Penurunan yield SRBI menyentuh level 5,874%, terendah sejak instrumen ini pertama kali diperkenalkan pada September 2023 silam, memperkuat spekulasi akan peluang pelonggaran moneter lebih lanjut oleh Bank Indonesia dalam waktu dekat ketika harga surat utang pemerintah juga terus melaju didukung stabilnya kinerja rupiah.
Keyakinan sebagian pelaku pasar bahwa BI rate bisa dipangkas bulan ini, bukan hanya karena kinerja rupiah yang sebenarnya cukup stabil ketika indeks dolar AS menguat lebih banyak pada periode yang sama.
Rilis beberapa data penting ekonomi domestik sejak terakhir kali RDG digelar, juga mendukung ekspektasi tersebut.

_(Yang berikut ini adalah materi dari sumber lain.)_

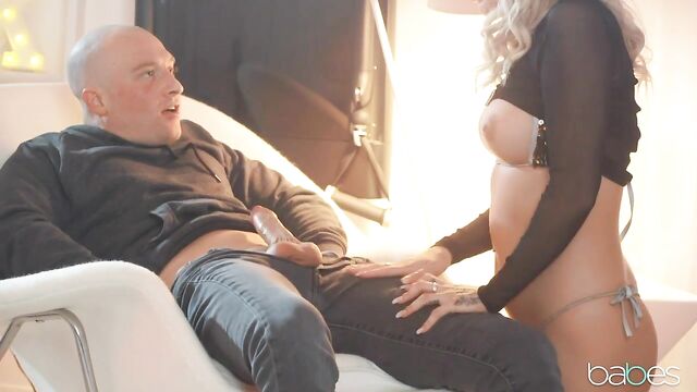 Description:Harmony Rivers is welcoming a shy new client to her lair, Zac Wild... He's awkward AF, but the gorgeous Harmony is an expert in turning shy guys into the lusty sex-lovers they really are! She teases him with a dripping hot lap-dance, before taking out his massive cock and sliding it straight down her throat for a sloppy blowjob.

Inflasi pada Juni terkendali di kisaran rendah di 1,87%. Sementara itu, muncul sinyal pelemahan permintaan yang terlihat dari perlambatan laju inflasi inti dua bulan beruntun. Laju inflasi inti pada Juni hanya tercatat sebesar 2,37%, melemah dibanding Mei sebesar 2,40%.
Ekspektasi inflasi ke depan juga masih rendah. Indeks Ekspektasi Harga tiga bulan ke depan atau pada Agustus, masih rendah dengan penurunan indeks menjadi 139,6. Penurunan ekspektasi harga pada Agustus melanjutkan tren serupa sejak Mei, Juni dan Juli.
Di sisi lain, perekonomian domestik makin benderang menunjukkan kelesuan yang membutuhkan intervensi. Aktivitas manufaktur RI pada Juni kembali terkontraksi untuk tiga bulan beruntun.
Disusul oleh kinerja penjualan eceran yang kontraksinya lebih dalam pada Mei ketika perkiraan kinerja pada Juni juga masih lesu.